[TASK REQUIREMENTS]:
Please give every line below again exactly, but not its pictures.
#### DATA SEGMENT ####
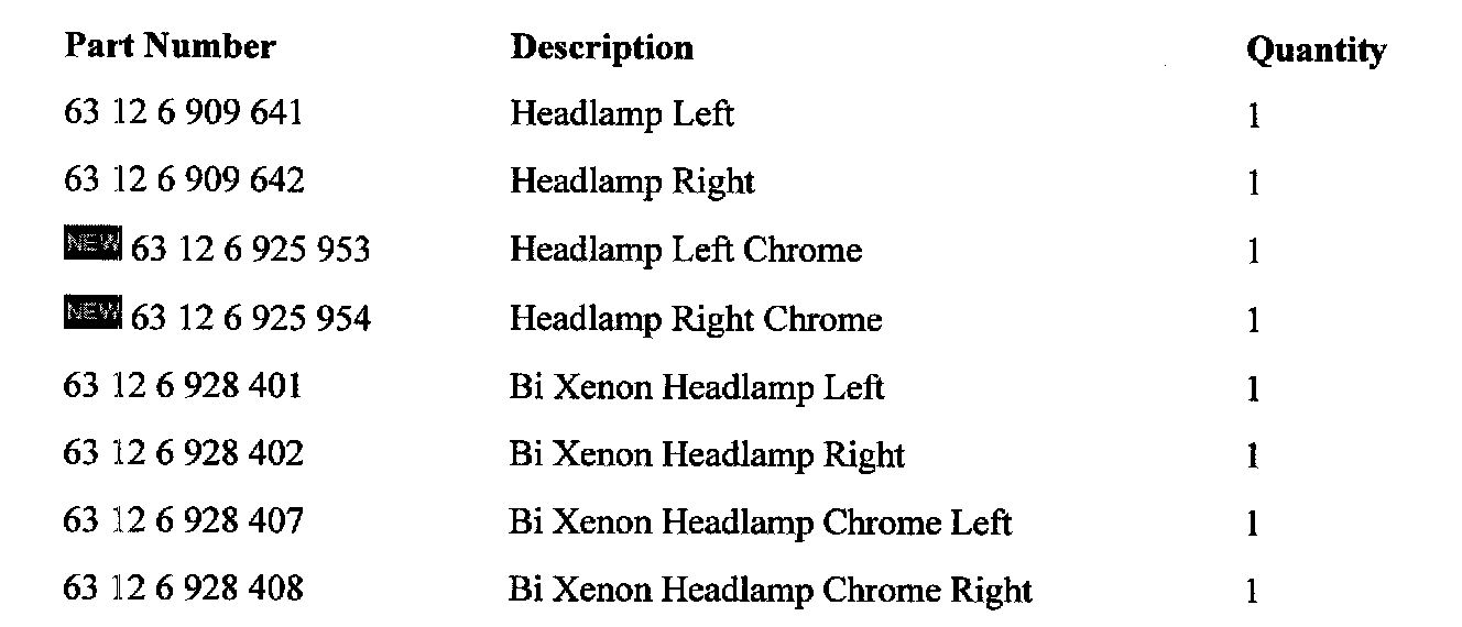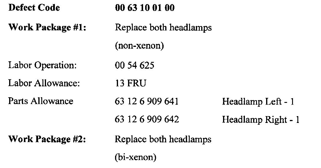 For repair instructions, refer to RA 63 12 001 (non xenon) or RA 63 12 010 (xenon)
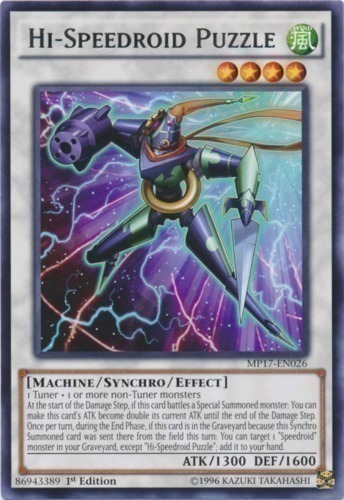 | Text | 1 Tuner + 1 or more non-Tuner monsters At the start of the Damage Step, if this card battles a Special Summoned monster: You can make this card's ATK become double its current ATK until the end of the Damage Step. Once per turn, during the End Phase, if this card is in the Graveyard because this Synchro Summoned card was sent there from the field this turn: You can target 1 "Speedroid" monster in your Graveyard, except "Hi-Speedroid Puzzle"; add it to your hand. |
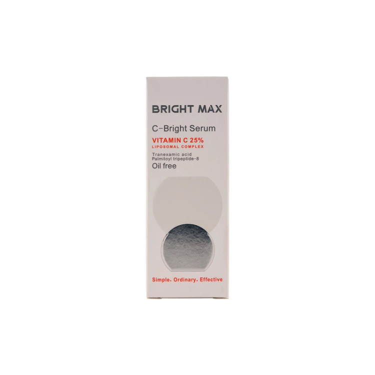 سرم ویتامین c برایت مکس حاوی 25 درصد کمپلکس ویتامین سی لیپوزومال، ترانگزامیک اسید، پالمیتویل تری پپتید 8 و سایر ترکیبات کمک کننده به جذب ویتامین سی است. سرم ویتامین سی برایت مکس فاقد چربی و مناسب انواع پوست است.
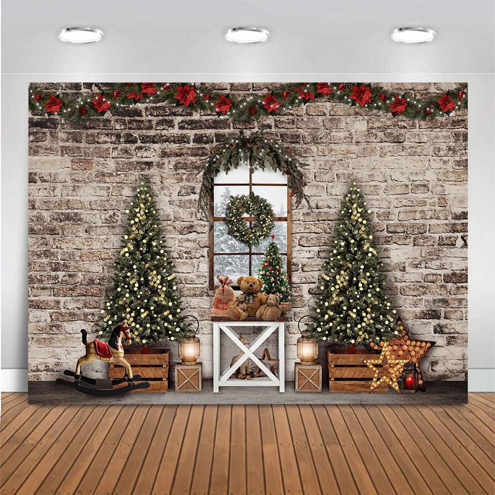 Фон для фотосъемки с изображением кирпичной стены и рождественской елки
####
[EXERCISE RESPONSE]:
 For repair instructions, refer to RA 63 12 001 (non xenon) or RA 63 12 010 (xenon)
 | Text | 1 Tuner + 1 or more non-Tuner monsters At the start of the Damage Step, if this card battles a Special Summoned monster: You can make this card's ATK become double its current ATK until the end of the Damage Step. Once per turn, during the End Phase, if this card is in the Graveyard because this Synchro Summoned card was sent there from the field this turn: You can target 1 "Speedroid" monster in your Graveyard, except "Hi-Speedroid Puzzle"; add it to your hand. |
 سرم ویتامین c برایت مکس حاوی 25 درصد کمپلکس ویتامین سی لیپوزومال، ترانگزامیک اسید، پالمیتویل تری پپتید 8 و سایر ترکیبات کمک کننده به جذب ویتامین سی است. سرم ویتامین سی برایت مکس فاقد چربی و مناسب انواع پوست است.
 Фон для фотосъемки с изображением кирпичной стены и рождественской елки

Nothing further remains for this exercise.